Trading the Texas heat for a summer on Vancouver Island is a bonus, he added.

“We went and saw the stadium, saw the city, and fell in love it. It’s a beautiful place,” Swindell said of he and wife Sarah’s first visit to Victoria, a drop-in to see Haney on the way home from an Alaskan cruise.

“A summer there in such great weather helping players strive for improvement, working with close friends who are accomplished professionals themselves, is something I really look forward to,” said Swindell.

As things stand now, the HarbourCats will start their 54-game season June 1 with a road series against the expansion Riverhawks before coming home to Royal Athletic Park in Victoria on June 4 to face the Port Angeles Lefties. Of course, the COVID-19 pandemic could change those plans, but Swanson said they are proceeding as if there will be a full season and will adjust as needed based on public health guidelines.

“When we get into April and May, if that needs to be ramped back to follow the course of the pandemic at that time, then we’ll make those adjustments,” he said, noting that crowd sizes and the ability to cross the border remain up in the air.

“I think we’re all hoping to see a return to normalcy, or as close as we can get to it. If we find out on May 20 that we’re able to play, we’ll be ready to start a season.”

Swindell witnessed the healing power of sport firsthand as a member of the 2001 champion Arizona Diamondbacks, a World Series played in the shadows of the September 11 terrorist attacks on the United States.

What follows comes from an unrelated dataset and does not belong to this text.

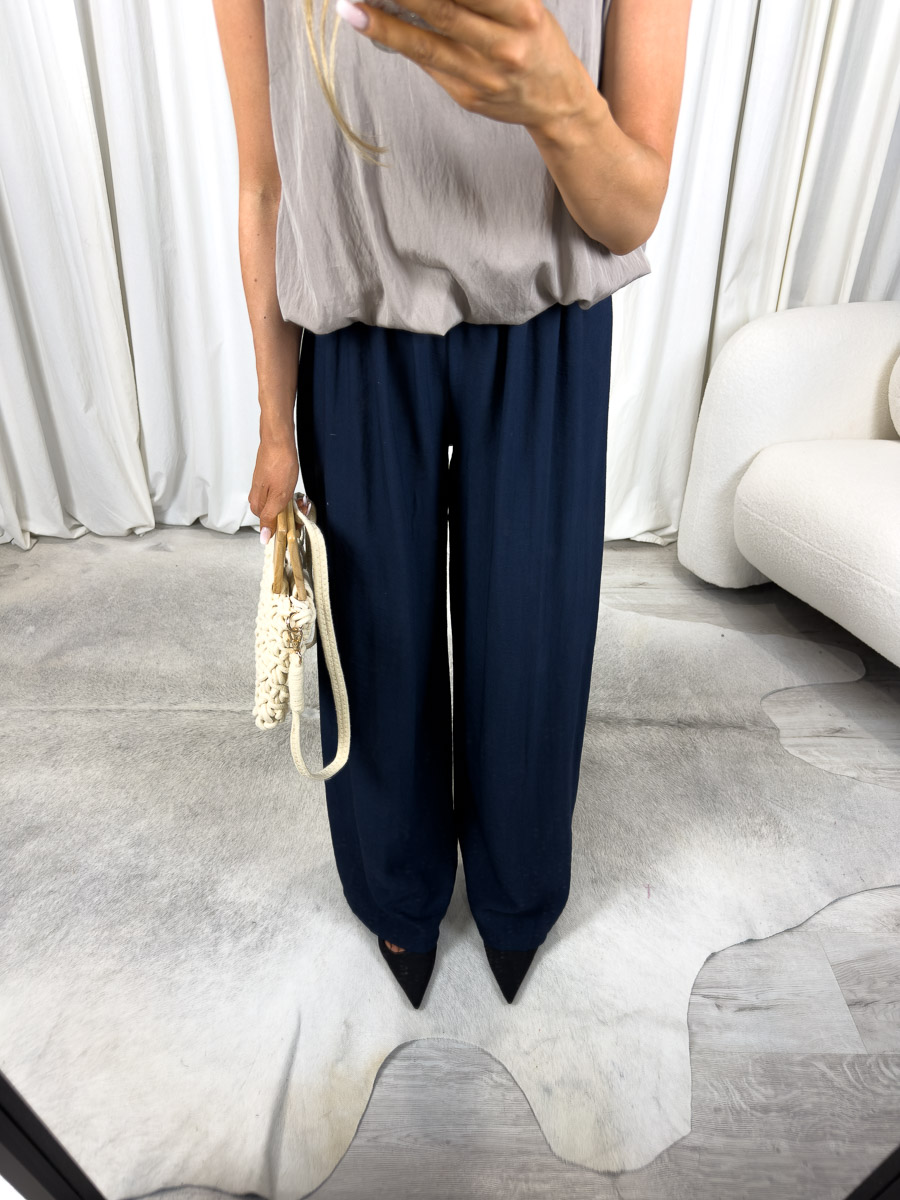 Model ten został zaprojektowany z myślą o gorących dniach – tkanina delikatnie układa się na sylwetce, nie przylega do ciała, a jednocześnie efektownie podkreśla kobiece proporcje. Wysoki stan optycznie wydłuża nogi i wysmukla sylwetkę, natomiast szerokie nogawki dodają całości lekkości i nonszalancji. To spodnie, które możesz nosić od rana do wieczora – do pracy, na spacer, na kolację przy zachodzie słońca.

He hopes baseball can serve a similar role when, with any luck, the global pandemic starts to wind down come summer.

“Baseball kind of brought the world back in 2001,” Swindell said.

“Right now, 20 years later, same type of situation, and if sports can bring people together to not worry and to just listen to the crack of the bat and the ball being thrown, that’s what people are going to want. To put them inside a baseball stadium for a few hours and take their minds off everything. I just hope everything clears up and we’re able to be back on the field in Victoria.”